● **Task item**: Leaving out every picture, copy the lines of the material below exactly, from the line containing "调研会前,鞠副校长和公共基础" through the line containing "cite this data".

● **Data shown**:
BEGIN
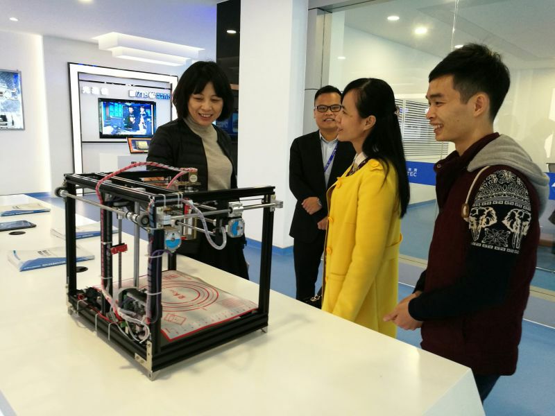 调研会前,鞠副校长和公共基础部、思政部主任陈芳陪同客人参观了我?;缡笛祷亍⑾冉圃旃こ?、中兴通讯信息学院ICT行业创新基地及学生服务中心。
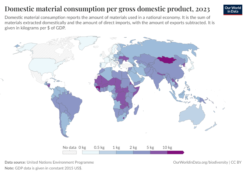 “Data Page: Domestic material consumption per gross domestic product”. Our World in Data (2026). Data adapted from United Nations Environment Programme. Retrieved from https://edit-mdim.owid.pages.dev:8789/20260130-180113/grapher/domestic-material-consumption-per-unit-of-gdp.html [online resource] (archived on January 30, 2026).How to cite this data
END
BEGIN
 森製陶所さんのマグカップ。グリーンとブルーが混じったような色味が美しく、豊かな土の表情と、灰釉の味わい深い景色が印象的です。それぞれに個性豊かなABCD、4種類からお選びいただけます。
END
● **Answer**:
 调研会前,鞠副校长和公共基础部、思政部主任陈芳陪同客人参观了我?;缡笛祷亍⑾冉圃旃こ?、中兴通讯信息学院ICT行业创新基地及学生服务中心。
 “Data Page: Domestic material consumption per gross domestic product”. Our World in Data (2026). Data adapted from United Nations Environment Programme. Retrieved from https://edit-mdim.owid.pages.dev:8789/20260130-180113/grapher/domestic-material-consumption-per-unit-of-gdp.html [online resource] (archived on January 30, 2026).How to cite this data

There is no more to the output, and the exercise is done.